US has relatively decent educational outcomes depending how you look at the data:

https://xcancel.com/cremieuxrecueil/status/1822296863879450861

Our poor life expectancy is mostly not due to our healthcare system, but rather poor lifestyle choices:

https://xcancel.com/jburnmurdoch/status/1641799707583299587#m

I think you are correct about interest capture, but I suspect it affects all countries roughly equally. We should still fight it though.

Marcos Cuartas-Jaramillo's avatar

I am commenting from a classical liberal view. And you are right, both health and educational outcomes in the US are not that bad - yet, extremely heterogenous. My claim is that, to some extent, public provision of certain public goods and services in some political units throughout the United States has been indeed captured by minority groups - Olson. In terms of fighting "interest capture," it seems quite hard since perverse incentives dominate political economy decisions. Ultimately, my sense is that Nordic countries because of some particular circumstances, like more homogenous population, tend to get their politicians more accountable. The good thing about the US though is certainly the inter-state competition that kinda disciplines these political actors from deviating too much - but as Daniel pointed out, Mamdani seems not deterred from bad policy. We will see.

Michael's avatar

I try to make this point all the time, but it just seems like slopulist economics and looseness with facts are all the rage on the left and right nowadays. Sigh

forumposter123@protonmail.com's avatar

Bingo!

Americans aren’t going to pay a VAT to ultimately sure up boomer retirement benefits, which is where we know the money will go.

Btw the thing that made all this “work” was the SALT deduction, which took the edge off those high blue state taxes. This led to very bloated state budgets because the incentive is to spend money because it brings in fed bucks (same thing happened with Medicaid expansion).

Ebenezer's avatar
6dEdited

Another interesting fact. If you look at Our World in Data, the fraction of the population that lives on $30 or less per day is identical for Sweden and the US:

https://ourworldindata.org/grapher/poverty-share-on-less-than-30-per-day

(Norway is not a good point of comparison since they have a massive sovereign wealth fund due to oil)
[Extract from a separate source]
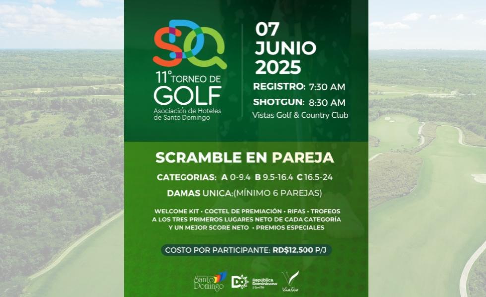 La Asociación de Hoteles de Santo Domingo (AHSD) realizará la XI edición del torneo SDQ Golf 2025, en Vistas Golf & Country Club, el sábado 7 de junio 2025. La justa se realizará en la modalidad scramble en pareja, en la

That Our World in Data site is great for quickly fact-checking national stereotypes. You learn that a lot of "common wisdom" has simply been repeated over and over with a questionable factual basis.

Pot vs Kettle's avatar

Military spending is the final factor. The US has, on balance, outspent European countries on military by 1-2% GDP for the last 40 years. I have shitlib friends who roll their eyes every time you point this out as if it doesn't single-handedly explain the difference. I think the average person really just doesn't understand how a gap like that compounds over decades.

Michael's avatar

It's one factor, but the difference in middle class tax rates (all in) is the main thing.